Multiple chicken products sold in Virginia, N.C. recalled for possible listeria contamination

Posted at 11:21 AM, Oct 10, 2019
and last updated 2019-10-10 11:41:49-04

WASHINGTON – A variety of chicken products sold in Virginia and North Carolina have been recalled because of concerns for listeria contamination.

According to the USDA, Tip Top Poultry, Inc, a Rockmart, Georgia company, is recalling an undetermined amount of ready-to-eat poultry products that could have been exposed to Listeria monocytogenes. These products include frozen cooked, diced or shredded chicken.

The products were also sold at Kroger, Aldi and Food Lion stores.

To see a list of the products recalled, click here.

The recall was originally announced on September 28, but was expanded on October 8. Tip Top said it expanded the dates and the scope of the recall out of an abundance of caution.

The U.S. Department of Agriculture’s Food Safety and Inspection Service (FSIS) has said the products subject to recall bear establishment number “Est. P-17453” inside the USDA mark of inspection. These items were shipped to a variety of stores, markets and food institutions nationwide in the United States.

The ready-to-eat products also were produced from January 21, 2019, through September 24, 2019, with product codes ranging from 10000 to 19999 and 70000 to 79999.

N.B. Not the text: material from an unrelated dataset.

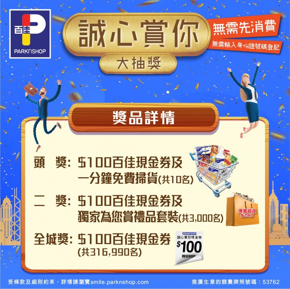 頭獎:$100百佳現金券及 1分鐘免費掃貨 (共10名)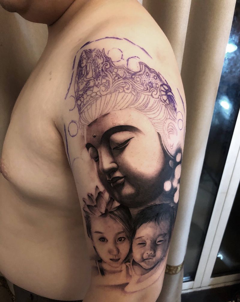 当前位置: 首页 >安徽省安庆市纹身店-辰针刺青处纹身图案>观音大士守护纹身图片_手臂欧美写实家人 守护纹身图案

No one has become sick because of the ready-to-eat meals, according to the USDA.

What does the USDA say about Listeriosis?

Listeriosis can cause fever, muscle aches, headache, stiff neck, confusion, loss of balance and convulsions sometimes preceded by diarrhea or other gastrointestinal symptoms. An invasive infection spreads beyond the gastrointestinal tract.

In pregnant women, the infection can cause miscarriages, stillbirths, premature delivery or life-threatening infection of the newborn. In addition, it can cause serious and sometimes fatal infections in older adults and persons with weakened immune systems.

Listeriosis is treated with antibiotics.

Persons in the higher-risk categories who experience flu-like symptoms within two months after eating contaminated food should seek medical care and tell the health care provider about eating the contaminated food.